Conclusion: • Remedy and Prevention FICTION

3. Black Coffee
Coffee contains a high amount of caffeine, which is a stimulant and therefore helps fight fatigue. But when the caffeine wears off, a drinker may be even more tired than before. Coffee can help alleviate a pounding head because caffeine is a vasoconstrictor, meaning it reduces the size of blood vessels. This counteracts the effect of the alcohol, which makes them swell, making the head hurt in the first place. Unfortunately, caffeine is also a diuretic like alcohol and can make a drinker even more dehydrated than before, thereby increasing the severity of the hangover. Overall, coffee isn’t a good hangover cure.
Conclusion: • Remedy FICTION

4. Fried or Fatty Foods
Although eating fried or fatty foods the morning after will probably only irritate a drinker’s stomach further, eating them before drinking can actually be helpful. Putting anything in the stomach prior to indulging in alcohol helps prevent a hangover, but fatty foods in particular stick to the stomach lining longer and therefore slow down the absorption of alcohol into the bloodstream. While that might make it take longer to feel the alcohol’s effects, it also gives the body more time to process the byproducts and will increase a drinker’s chances of feeling decent in the morning. So much so, in fact, that a Mediterranean folk tactic is to take a spoonful of olive oil before drinking alcohol. Eating lighter food such as a fruit smoothie will provide energy and alleviate some symptoms by replenishing the electrolytes the body lost from dehydration.
Conclusion: • Prevention FACT and • Remedy FICTION

5. Eggs
Eating eggs the morning after provides energy like any other food, which is the primary benefit. But eggs do also contain large amounts of cysteine, the substance that breaks down the hangover-causing toxin acetaldehyde in the liver’s easily depleted glutathione. Therefore, eggs can potentially help mop up the left-over toxins.
Conclusion: • Remedy FACT

6. Bananas
Eating bananas the morning after a night of heavy drinking provides lost electrolytes like any food would, but it also specifically replenishes the potassium lost to alcohol’s diuretic effect. Other potassium-rich foods such as kiwi fruit or sports drinks work just as well.
Conclusion: • Remedy FACT

7. Water
Replenishing the body’s water supply after a night of drinking combats dehydration, and it also helps dilute the leftover byproducts in the stomach. Adding salt and sugar to water helps replace the sodium and glycogen lost the night before. Non-caffeinated, non-carbonated sports drinks can achieve the same effect.

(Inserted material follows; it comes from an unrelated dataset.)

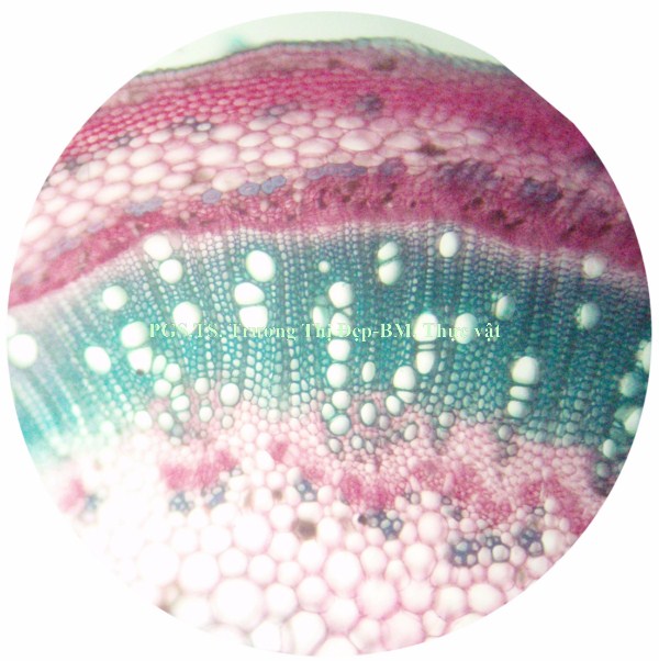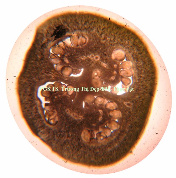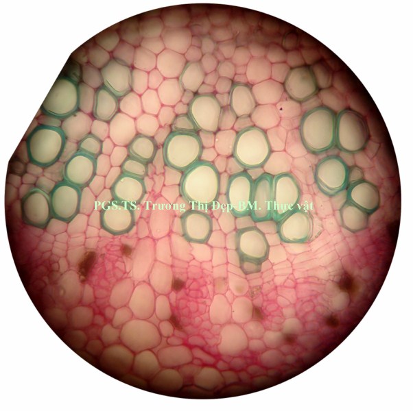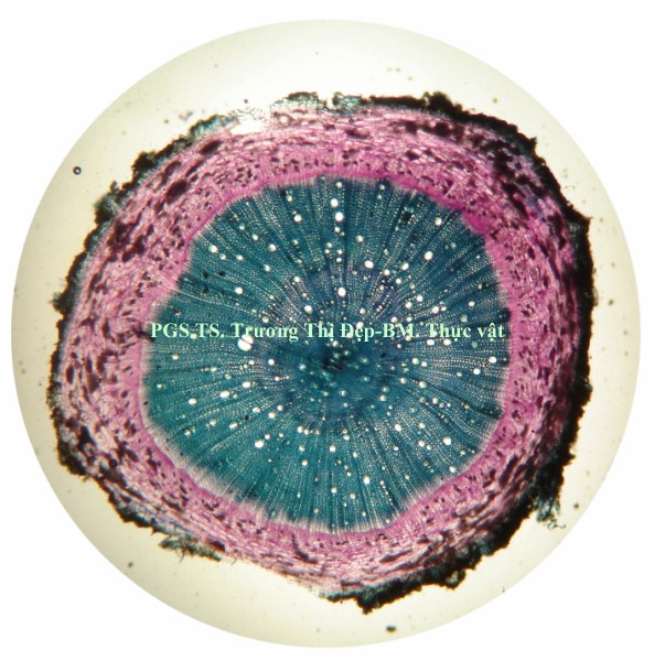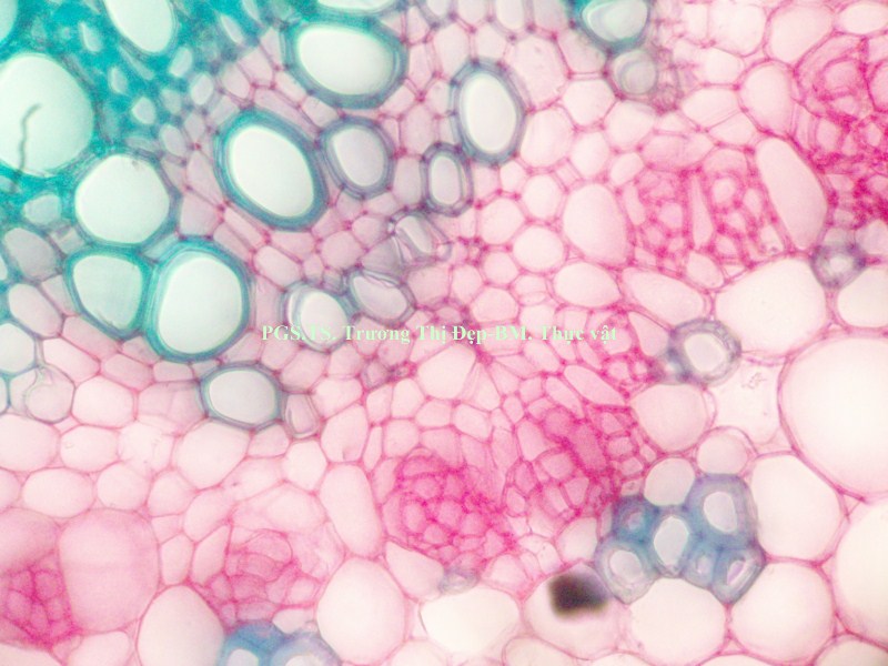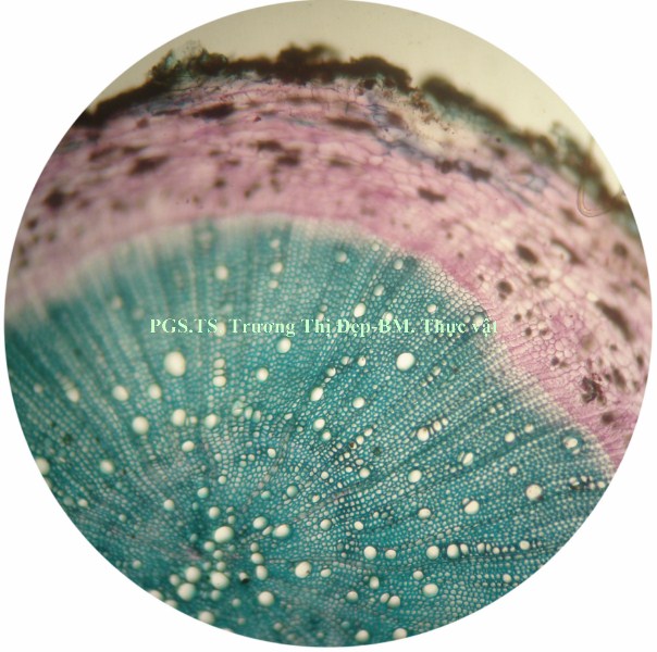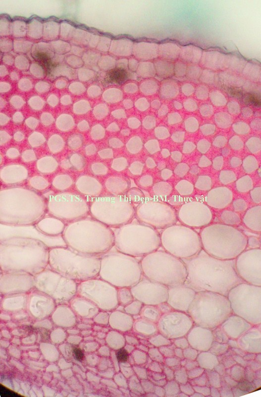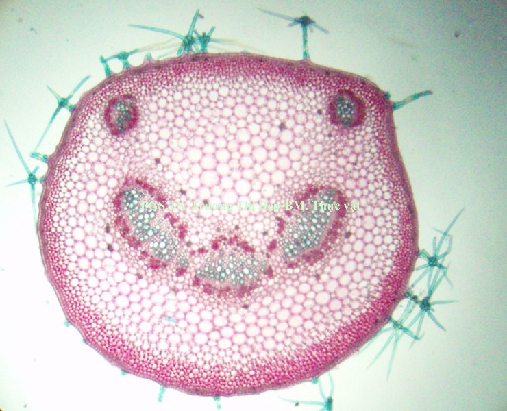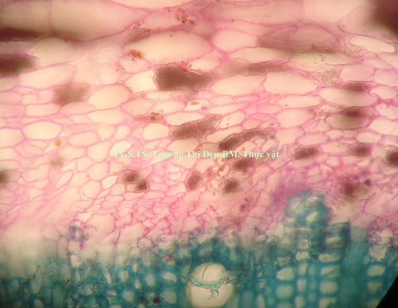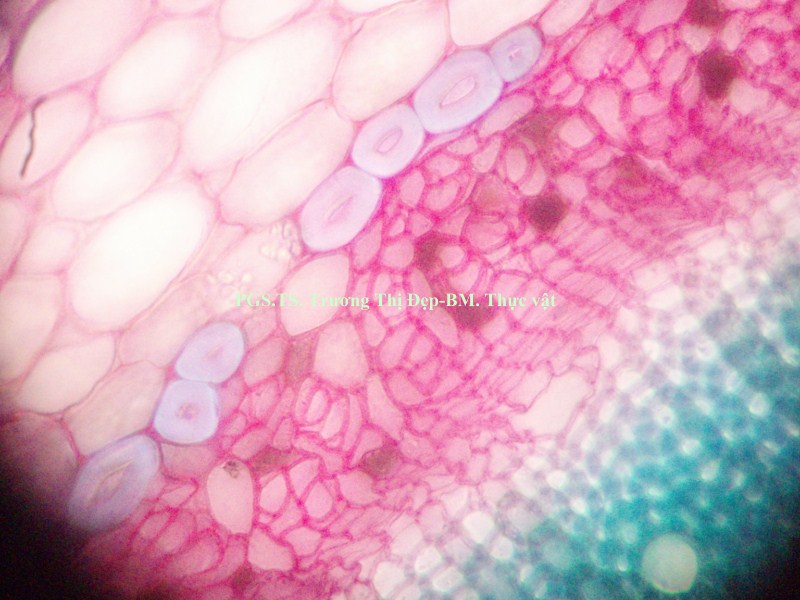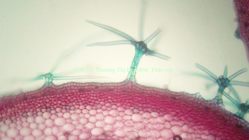 Vi phẫu rễ hình tròn, tâm có khi bị lệch. Từ ngoài vào trong gồm các mô: Bần thường gồm 2-4 (có khi hơn) lớp tế bào vách mỏng, hình chữ nhật dẹp theo hướng tiếp tuyến; các lớp phía ngoài thường bị rách tua tủa. Mô mềm vỏ gồm 2-3 lớp tế bào không đều, hình bầu dục dẹp theo hướng tiếp tuyến, không đều, vách mỏng; giữa các tế bào có đạo hay khuyết nhỏ; nhiều tế bào chứa đầy tinh thể calci oxalat dạng cát. Nội bì khung Caspary ít rõ. Tế bào mô cứng rải rác, vách mỏng hay dày với ống trao đổi rõ. Libe tạo thành vòng quanh gỗ, nhiều tế bào chứa đầy tinh thể calci oxalat dạng cát. Gỗ 2 chiếm tâm; mạch gỗ rất nhiều, rải rác khắp cùng; mô mềm gỗ là những tế bào vách mỏng; tia ruột rõ, hẹp, gồm 1-2 dãy tế bào. Gỗ 1 không phân biệt được hay xếp thành bó ngay dưới tia ruột, mỗi bó có 3-4 mạch phân hóa hướng tâm. Vi phẫu thân hình gần tròn hay bầu dục, thân non nhiều lông che chở, thân già ít hay không có lông. Từ ngoài vào trong gồm các mô: Biểu bì là những tế bào gần như vuông hay chữ nhật, lớp cutin mỏng và phẳng, rải rác có lỗ khí, mang lông che chở và lông tiết. Lông che chở đa bào gồm chân và đầu; chân lông ngắn hay dài, gồm 4- nhiều tế bào không đều, xếp thành 2 hay 3 hàng dọc; đầu lông gồm nhiều tế bào không đều xếp tỏa thành hình sao; vách các tế bào ở chân dày hơn vách tế bào ở đầu. Lông tiết rải rác khắp biểu bì, đi từ một tế bào biểu bì, gồm chân và đầu; chân lông là 1 tế bào, có thể ngắn hay dài hơn đầu; đầu lông tròn, thường cong gặp xuống, gồm 1 tế bào ở dưới và 3-4 tế bào ở trên xếp trên cùng một mặt phẳng. Vùng vỏ: Hạ bì gồm 1, ít khi 2 lớp tế bào có kích thước tương tự hay hơi to hơn tế bào mô dày, hình tròn hay hơi đa giác, xếp chừa những khuyết nhỏ, nhiều tế bào chứa đầy tinh thể calci oxalat dạng cát. Mô dày góc gồm 5-6 lớp tế bào không đều, hình đa giác; một số tế bào phía trong hóa mô cứng thành từng cụm rải rác. Mô mềm vỏ gồm 4-5 lớp tế bào không đều, hình bầu dục dẹp theo hướng tiếp tuyến, vách mỏng, xếp chừa những đạo nhỏ; một số tế bào có chứa rất nhiều tinh thể calci oxalat dạng cát. Sợi hay tế bào mô cứng xếp thành từng cụm. Libe xếp vòng bao quanh gỗ, nhiều tế bào chứa đầy tinh thể calci oxalat dạng cát. Gỗ cấp 2 liên tục thành vòng; mạch gỗ to, không đều, tập trung thành từng vùng; mô mềm gỗ là những tế bào có vách mỏng; tia ruột nhiều và rõ, gồm 1-2 dãy tế bào. Mạch gỗ cấp 1 rời rạc hay xếp thành bó phân hóa ly tâm, thường tập trung theo các mạch gỗ cấp 2. Libe trong là những cụm nhỏ, phía dưới gỗ cấp 1, phía dưới có thêm những tế bào hóa mô cứng. Mô mềm ruột gồm những tế bào to, không đều, hình đa giác, vách mỏng, xếp chừa những đạo nhỏ; một vài tế bào có chứa rất nhiều tinh thể calci oxalat dạng cát. Cuống lá

As a prevention method, drinking a glass of water for every alcoholic beverage slows down drinking, providing more time for the body to deal with the alcohol (the body can only process about three-quarters of an ounce of alcohol in an hour). Drinking a few glasses of water before going to bed helps fight dehydration after the body finishes breaking down the alcohol.
Conclusion: • Prevention and Remedy FACT

8. Fruit Juice
The fructose — fruit sugar — in fruit juice helps to naturally increase the body’s energy. Studies have proven that it also increases the rate at which the body gets rid of toxins such as those left over from alcohol metabolism. Fruit juice is also a good idea the morning after because it’s high in vitamins and nutrients that were depleted the night before because of alcohol’s diuretic effect. Vitamin supplements high in vitamins C and B are also effective.